Our default unit is Imperial (inches), and we will start with two Cones that have the same radius as their height (this gives a 45 degree angle). Ultimately we want to slice off portions of each cone to achieve the desired shape; while we might think about doing this with cutting planes, there is no clear (documented) way of using those planes with OpenCascadeLink (which is our goal).

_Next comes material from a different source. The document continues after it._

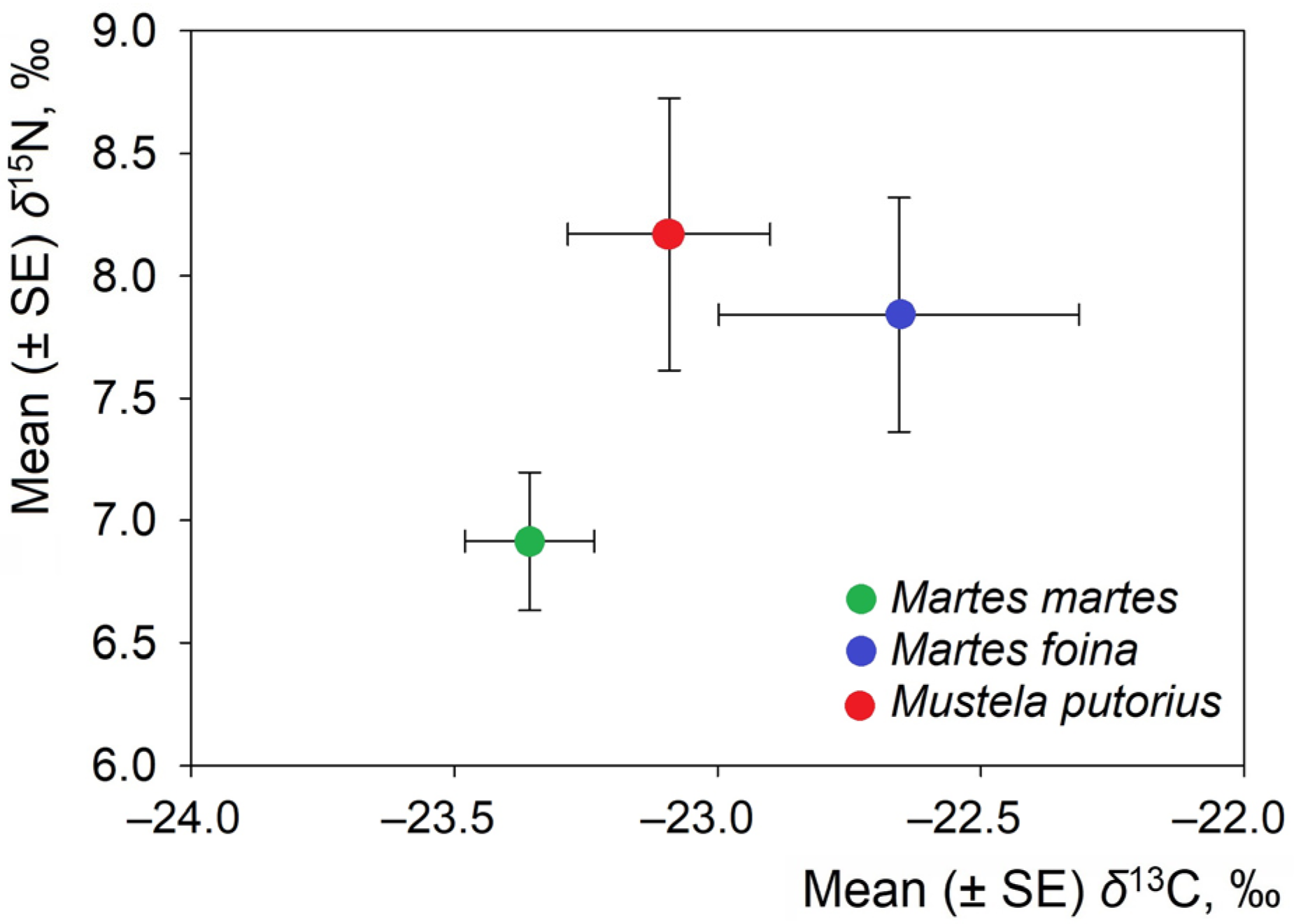 Overall, our findings demonstrate the value of isotopic approaches for assessing trophic relationships among mustelids, showing that species primarily differ in isotopic niche structure rather than in mean isotope values.

So instead, we will treat the cut areas as Cuboids that extend sufficiently far away.

  • Boxes 1 and 2 have a moveable z-axis

  • Box 2 can also have a tilt (make this the top of the print)– we will implement this using a RotationTransform that tilts positive z-axis towards some other point with specified x and y coordinates.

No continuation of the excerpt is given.